Notice that we add the "+1" in the numerator for additive smoothing.  This [wiki article](https://en.wikipedia.org/wiki/Additive_smoothing) explains more about additive smoothing.

#### Log likelihood
To compute the loglikelihood of that very same word, we can implement the following equations:

$$\text{loglikelihood} = \log \left(\frac{P(W_{pos})}{P(W_{neg})} \right)\tag{6}$$

In [16]:
def train_naive_bayes(result, train_x, train_y):
    '''
    Input:
        result: dictionary from (word, label) to how often the word appears
        train_x: a list of reviews
        train_y: a list of labels correponding to the reviews (0,1)
    Output:
        logprior: the log prior. (equation 3 above)
        loglikelihood: the log likelihood of you Naive bayes equation. (equation 6 above)
    '''
    loglikelihood = {}
    logprior = 0

    # calculate V, the number of unique words in the vocabulary
    vocab = set([pair[0] for pair in result.keys()])
    V = len(vocab)

    # calculate N_pos and N_neg
    N_pos = N_neg = V_pos = V_neg = 0
    for pair in result.keys():
        # if the label is positive (greater than zero)
        if pair[1] > 0:
            
            V_pos += 1

            # Increment the number of positive words by the count for this (word, label) pair
            N_pos += result[pair]

        # else, the label is negative
        else:
            
            V_neg += 1

            # increment the number of negative words by the count for this (word,label) pair
            N_neg += result[pair]

    # Calculate D, the number of documents
    D = len(train_y)

    # Calculate D_pos, the number of positive documents
    D_pos = (len(list(filter(lambda x: x > 0, train_y))))

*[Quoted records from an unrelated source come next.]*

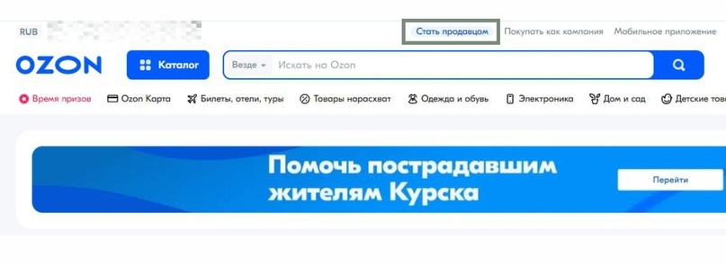 Заходим на сайт: https://www.ozon.ru. Нажимаем на надпись «Стать продавцом»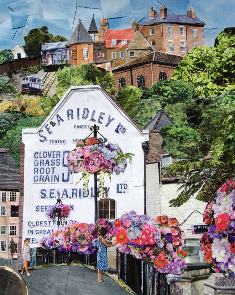 I create collage images of Shropshire market towns using paper from recycled magazines . The originals are photographed and turned into prints and cards.Prints are sold framed or unframed.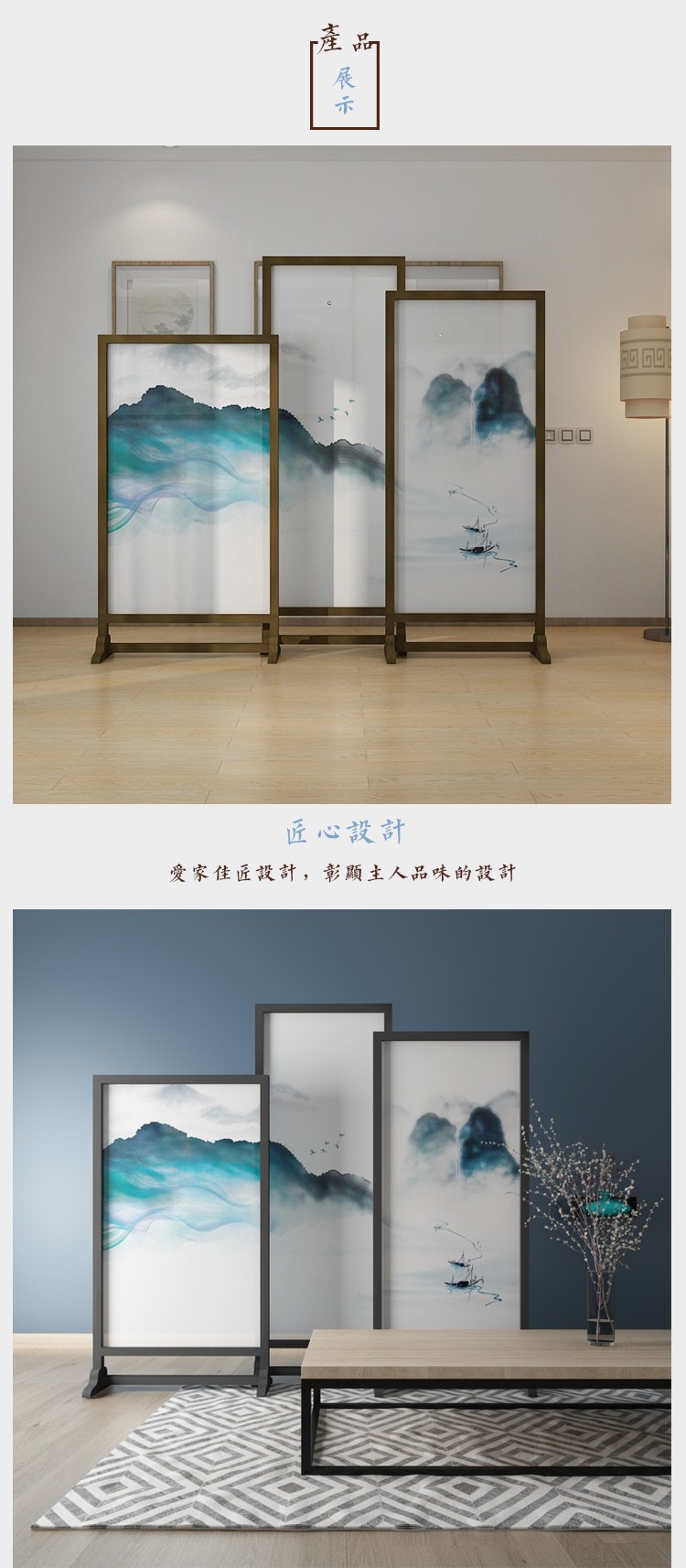 商品名称:简约现代实木透明折叠屏风玄关客厅书房卧室隔断山水屏风3扇胡
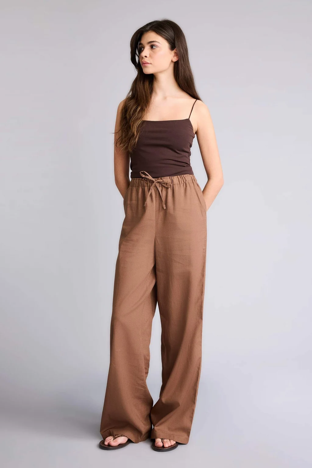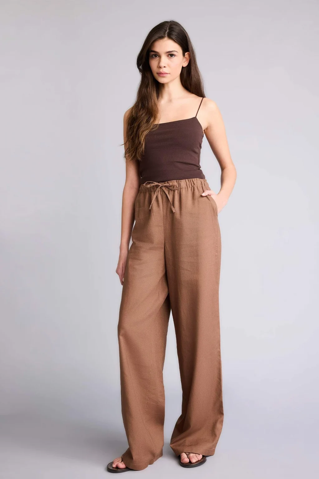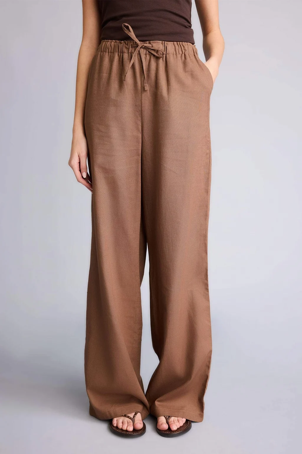 Defacto E1981AXBN534 Kahve Wıde Leg Çift Cepli Beli Lastikli Standart Boy Keten Karışımlı Pantolon

    # Calculate D_neg, the number of negative documents 
    D_neg = (len(list(filter(lambda x: x <= 0, train_y))))

    # Calculate logprior
    logprior = np.log(D_pos) - np.log(D_neg)

    # For each word in the vocabulary...
    for word in vocab:
        # get the positive and negative frequency of the word
        freq_pos = lookup(freqs,word,1)
        freq_neg = lookup(freqs,word,0)

        # calculate the probability that each word is positive, and negative
        p_w_pos = (freq_pos + 1)/(N_pos + V) 
        p_w_neg = (freq_neg + 1)/(N_neg + V)

        # calculate the log likelihood of the word
        loglikelihood[word] = np.log(p_w_pos/p_w_neg)

    return logprior, loglikelihood

In [17]:
logprior, loglikelihood = train_naive_bayes(freqs, X_train, y_train)
print(logprior)
print(len(loglikelihood))

-0.0016888892903299535
167564


**For prediction of single review**

In [18]:
def naive_bayes_predict(review, logprior, loglikelihood):
    '''
    Input:
        review : a string
        logprior: a number
        loglikelihood: a dictionary of words mapping to numbers
    Output:
        p: the sum of all the logliklihoods of each word in the tweet (if found in the dictionary) + logprior (a number)

    '''
    word_l = review

    # initialize probability to zero
    p = 0

    # add the logprior
    p += logprior

    for word in word_l:

        # check if the word exists in the loglikelihood dictionary
        if word in loglikelihood:
            # add the log likelihood of that word to the probability
            p += loglikelihood[word]

    ### END CODE HERE ###

    return p

**Preprocessing on a single review**

In [19]:
def preprocess(review):
    '''
    Input:
        review: a string containing a review
    Output:
        review_clean: a list of words containing the processed review

    '''
    stopwords_english = stopwords.words('english')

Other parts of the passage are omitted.